In the late fifties and early sixties were two causes of "civilian" disability particular: polio (poliomyelitis) and thalidomide . Before the oral vaccination was introduced in 1962, several thousand people were diagnosed with polio each year, many of whom who survived were permanently paralyzed. In Germany approx. 4000 children affected by thalidomide were born, of which approx. 2800 survived. The fate of the “Contergankinder” was discussed in the media extravagantly, which gave disability a new assessment as a social task. The problem child campaign was founded.

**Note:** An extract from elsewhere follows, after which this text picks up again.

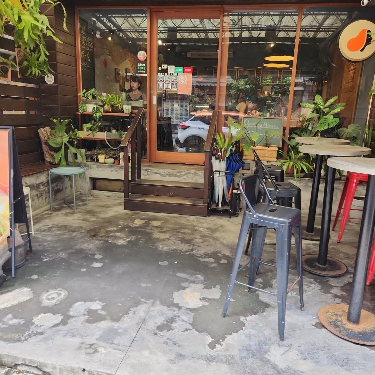 隱身在靜巷裡的連鎖咖啡廳 室內用餐區空間不大 但是個蠻舒適的用餐環境 也有戶外座位用餐區
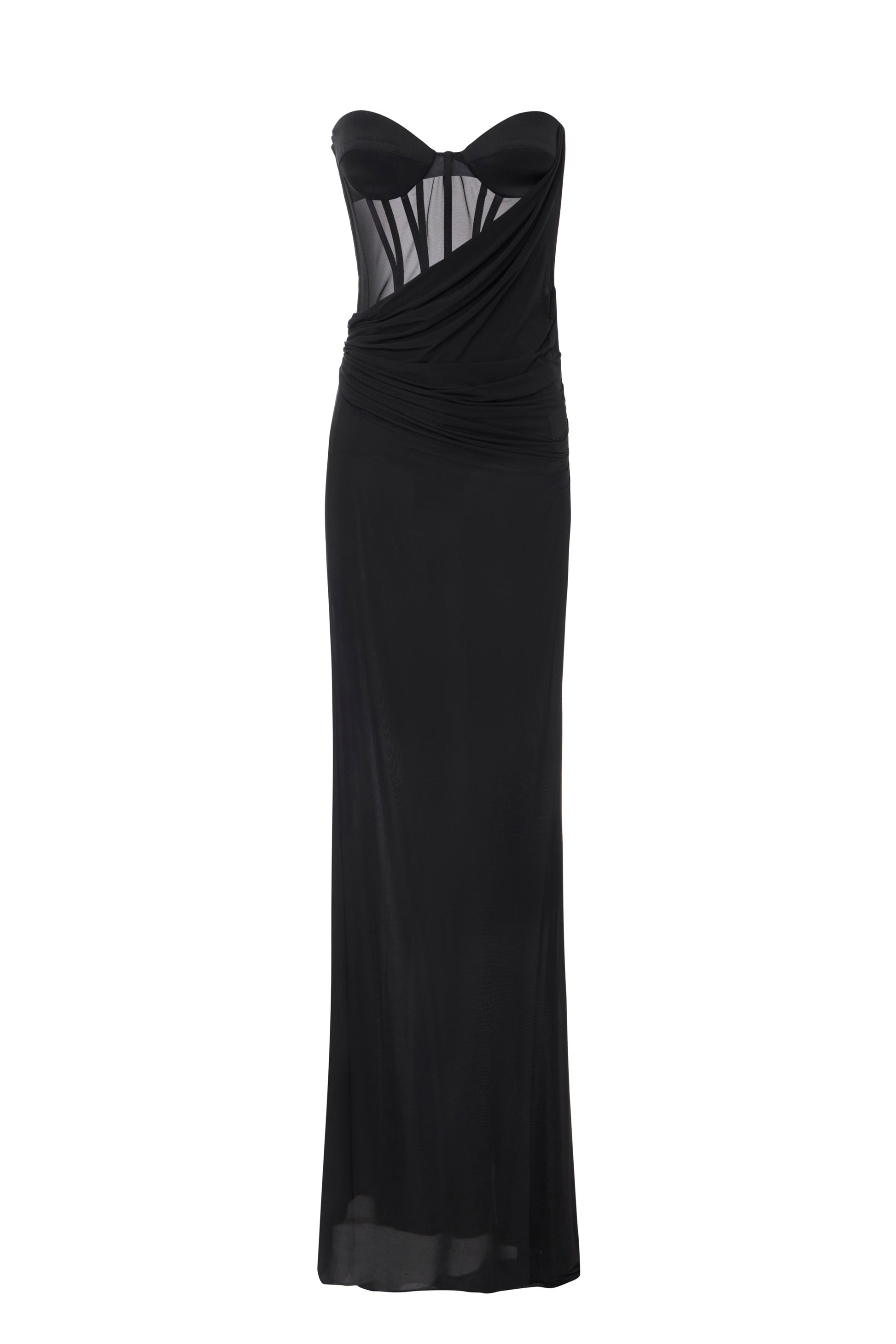 Evening dress in organza and tulle fabric. The dress stands out for the bustier-inspired top that leaves the legs bare and the side draping that extends from the bust to the bottom of the skirt, in a sensual layering play. Slim fit.

The spirit of optimism of the 1968s also left its mark on the disability movement. The "Club 68" was founded, the forerunner of the "Clubs for the disabled and their friends" (Cebeef). Initially with the aim of joint leisure activities, the clubs later also became active at the local political level in order to remove everyday obstacles. Disability was viewed primarily from a medical perspective ( medical model of disability ) and was often equated with illness.

Crippling movement

In 1974, Gusti Steiner gave courses together with the publicist Ernst Klee at the Frankfurt Adult Education Center , where they carried out provocative actions with disabled and non-disabled participants: They blocked the tram to draw attention to grievances and awarded them the “Goldene Krücke” several times in each case the “biggest rivet in the work of the disabled”. From 1978, Franz Christoph and Horst Frehe founded cripple groups , the name alone was provocation. Non-disabled people were not allowed to take part, following the example of the women's movement, they wanted to analyze the situation among themselves. The aim of the cripple movement was to change the perspective on disability, in the sense of disability studies - to understand disability as a social problem instead of from a medical point of view ( social model of disability ).
From 1979 to 1985 the Krüppelzeitung - "Newspaper from Krüppel for Krüppel" - was published by the
Krüppelgruppen , which later became a marginal show with the air pump .

Cripple Tribunal

On February 25, 1980 the court decision known as the "Frankfurt Judgment" was issued:

"Even the presence of a group of mentally and physically severely disabled people is a deficiency that justifies a reduction in the travel price."

There were numerous protests and on May 8, 1980 a demonstration in Frankfurt am Main , during which attention was drawn to the discrimination against disabled people in Germany.

This was followed by the preparations for the disability initiatives for the UN Year of the Disabled , which had been declared for 1981. The aim of the groups was to use the official events of the UN year to make their concerns heard, such as the disruption of the opening event on January 24th in Dortmund's Westfalenhalle under the motto “Every cripple has his stick” .
The cripple tribunal marked the end of the “Year of the Disabled” . In this, similar to the Russell Tribunal of Amnesty International , human rights violations against disabled people denounced.

The criticism of the marginalization and institutionalization of disabled people was continued at the international specialist congress in Munich in 1982. Under the title Living, Learning, Working in the Community , various models of support for physically handicapped people, such as the concept of independent living from the USA, were presented there.

In November 1986 the advice center for self-determined living was opened in Bremen, the first of more than twenty centers for self-determined living.


See also

Web links

Individual evidence

  1. ^ Georg Theunissen: independent living , accessed on December 29, 2011.
  2. ^ Doris Fleischer: The Disability Rights Movement . Temple University Press, Philadelphia 2001, ISBN 1-56639-812-6 .
  3. handicapped movement , accessed on January 3, 2012.
  4. Oliver Castendyk: Das “Frankfurter Disabled Judgment” , 1994, Springer, p. 15.
  5. ↑ History of Movement ( Memento of October 3, 2012 in the Internet Archive ) (PDF; 97 kB) accessed on January 3, 2012.